Segment Start: INFORMATION SHOWN

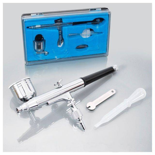 Аерограф міні з комплектом аксесуарів і пневматичним шлангом - це компактний та зручний пристрій як для професійного використання, так і для хобі. Цей інструмент ідеально підходить для точного творчого розфарбовування різних поверхонь. Стане в пригоді художникам, ілюстраторам або ретушерам для малювання складних малюнків, візерунків, дрібного розпису тощо. Інструмент можна використовувати також для нанесення макіяжу, дизайну нігтів або прикрашання тортів.
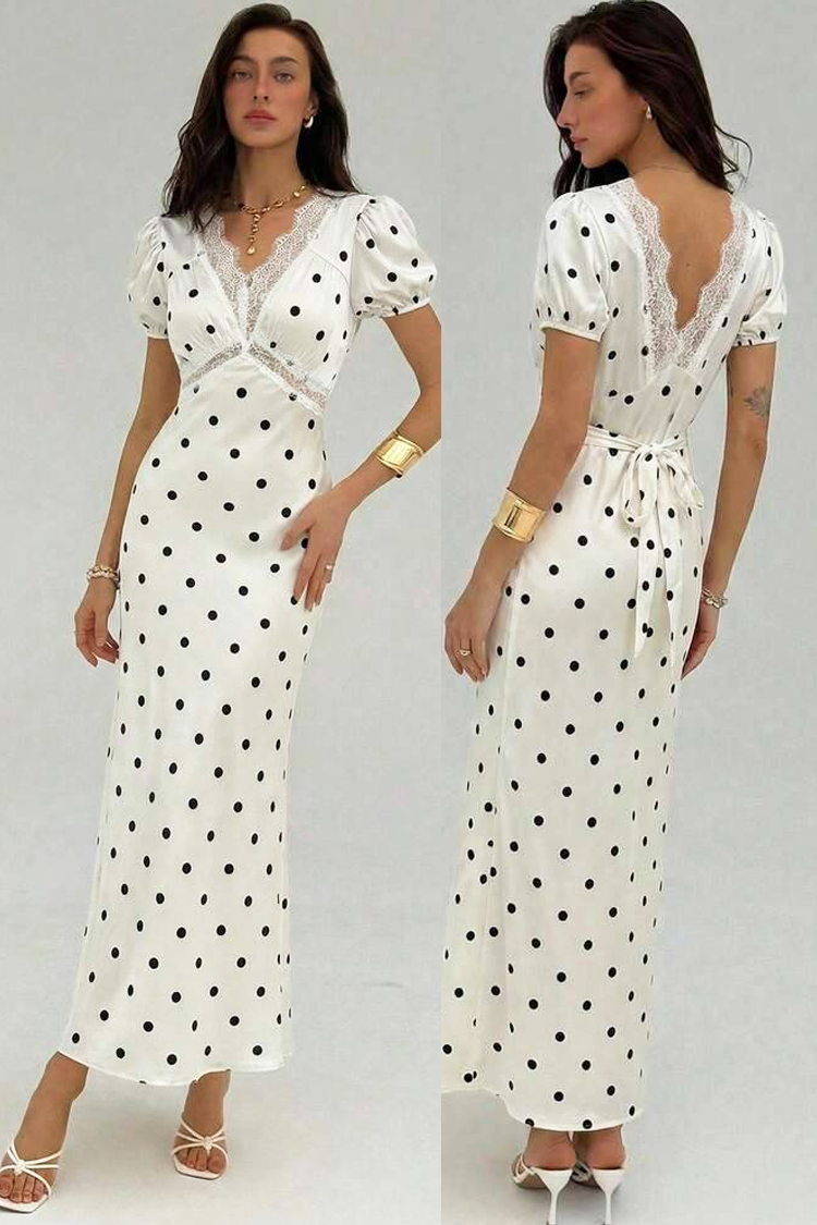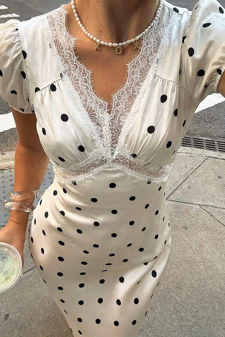 - Model ma szykowny fason, prosty krój, wzór w groszki, biały kolor, seksowny dekolt i koronkę.
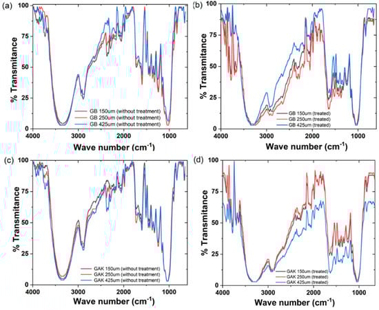 ATR-FTIR results of the giant bamboo (GB) and G. angustifolia Kunt (GAK) fibers at different sieves: (a,c) the untreated control and (b,d) with treatment, respectively.
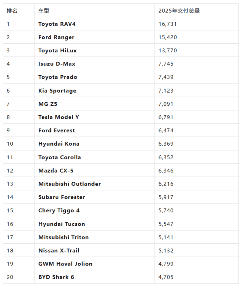 在维州的榜单里,特斯拉Model Y和奇瑞瑞虎4(Tiggo 4)的表现也非常抢眼,说明维州人既爱传统,也爱性价比。

Segment End: INFORMATION SHOWN

For this exercise, retype exactly, and only, the lines from the line with "ATR-FTIR results of" through the last line of the material above, both included. Pictures stay out.

 ATR-FTIR results of the giant bamboo (GB) and G. angustifolia Kunt (GAK) fibers at different sieves: (a,c) the untreated control and (b,d) with treatment, respectively.
 在维州的榜单里,特斯拉Model Y和奇瑞瑞虎4(Tiggo 4)的表现也非常抢眼,说明维州人既爱传统,也爱性价比。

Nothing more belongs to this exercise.